With the wistful tones of a man hoping to cast a big presidential shadow of his own someday, President Clinton offered an assessment of his predecessor, Franklin Delano Roosevelt.

"He was a master politician and a magnificent commander-in-chief," the current president said. "His life had its fair share of disappointment and failures, but they never broke his spirit, or his faith in God or his fellow citizens.

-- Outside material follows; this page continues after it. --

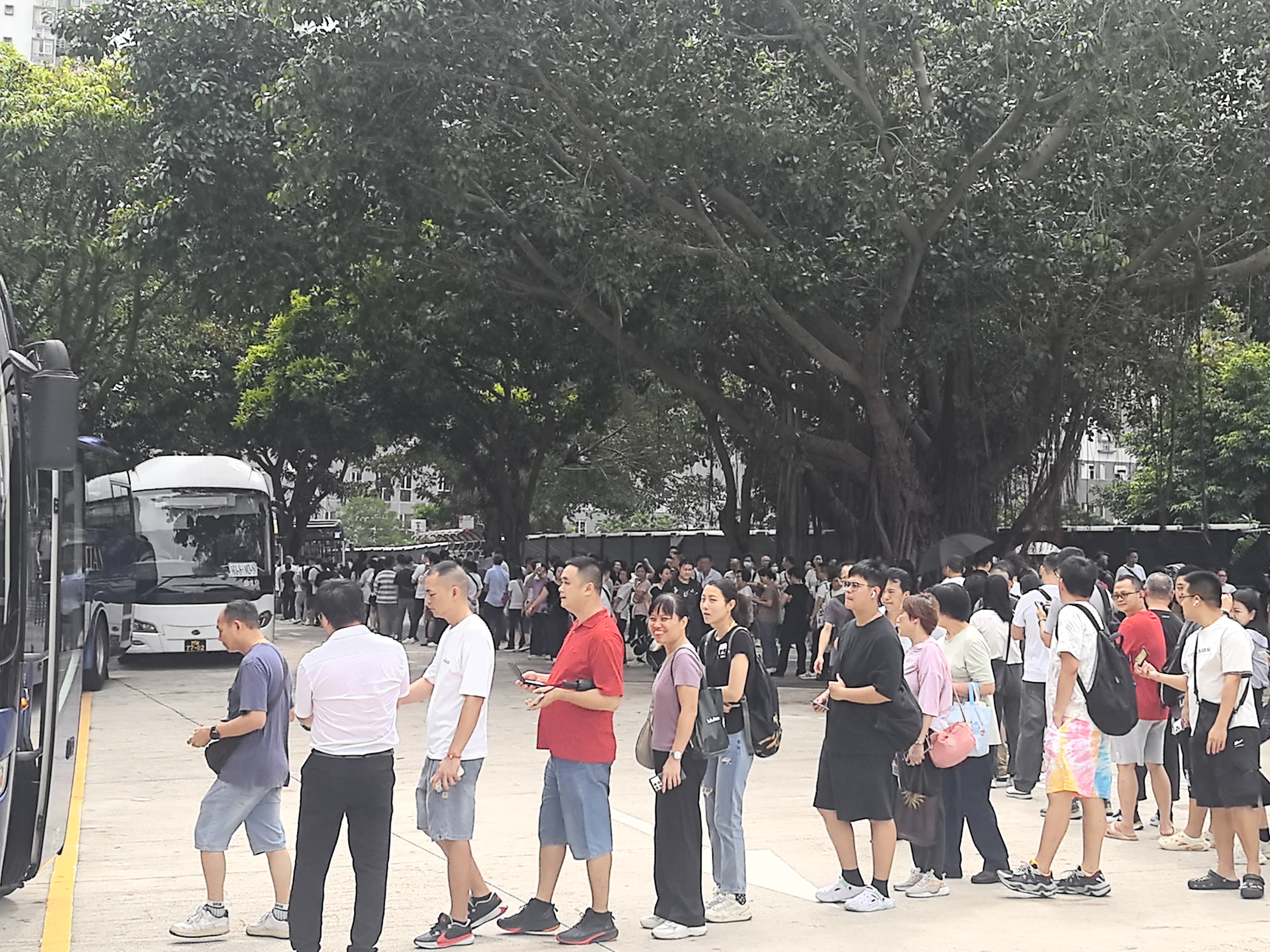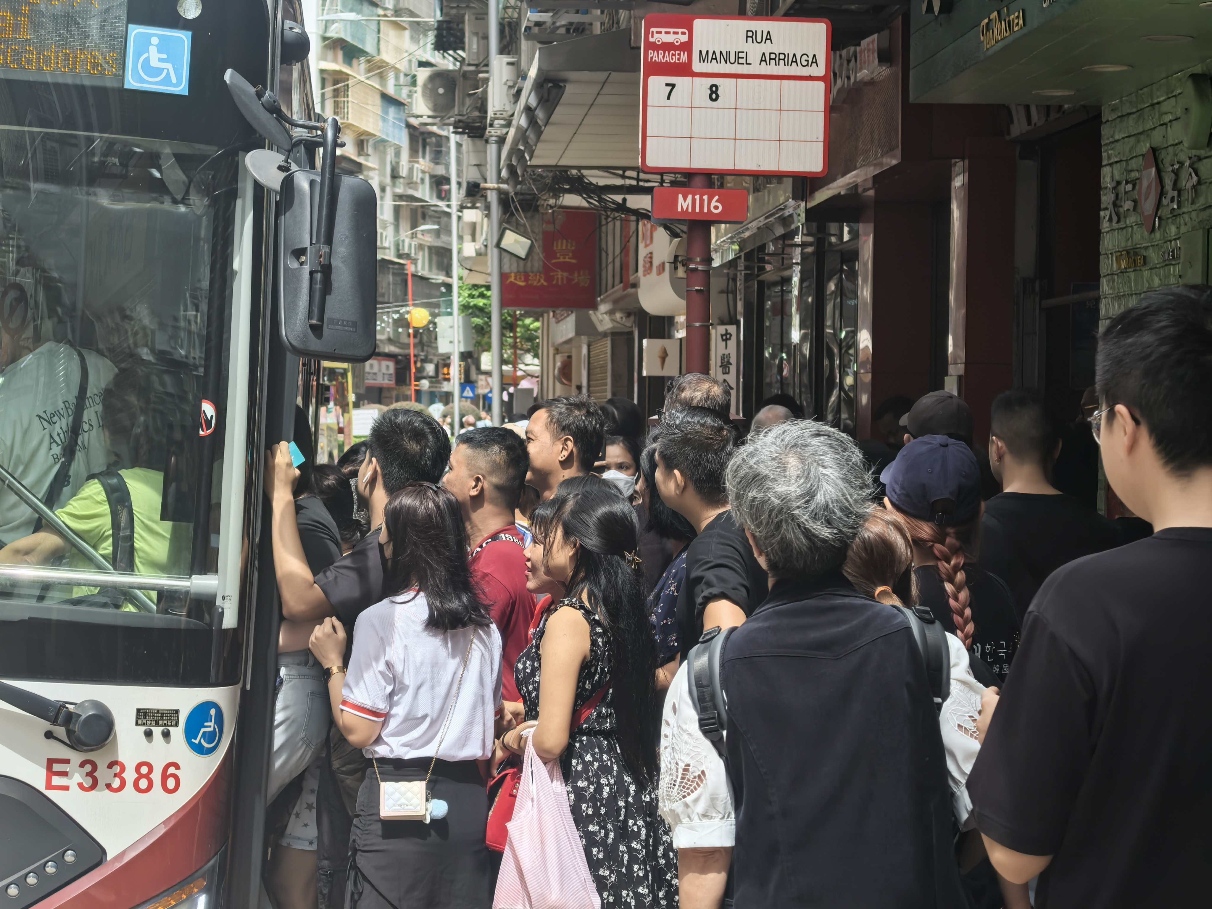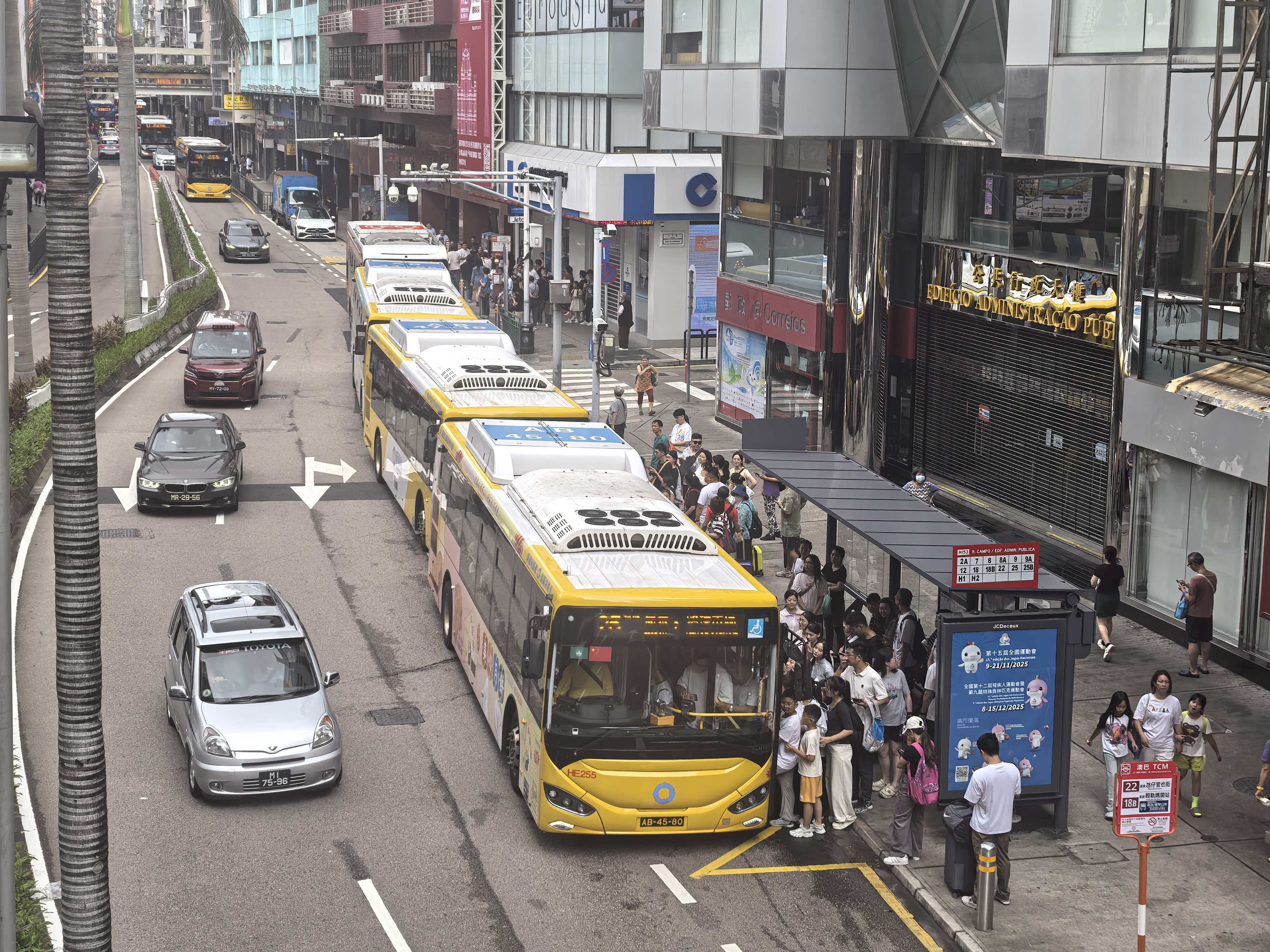 本澳市面下午開始交通大致回復正常,不少市民及遊客在巴士站等候乘搭巴士,青茂口岸附近亦有大批人士排隊輪流乘搭車輛上班。

Because he always rose to the occasion, so did we."Clinton heaped this praise on Roosevelt, the only four-term U.S. president, during a speech before about 1,000 people at a Tuesday night gala in honor of Time magazine's 75th anniversary.

The event offered Clinton a chance to indulge his fascination with Roosevelt and many other men who occupied the White House, as well as an opportunity to again ponder the legacy he will leave.

As if aware of Clinton's mindset, former Soviet leader Mikhail Gorbachev also called on Roosevelt's legacy in making a connection between the populist accomplishments of Gandhi and Lenin.

"In Russia, he is held in high regard, perhaps no less than in this country," Gorbachev said of Roosevelt. "In Russia, we appreciate his New Deal."

The president's concern over whether his own legacy would measure up to legends like Roosevelt showed Tuesday, as he contrasted the challenges of Roosevelt's time - the Great Depression and World War II - with those of today: the global economy and Saddam Hussein's Iraq.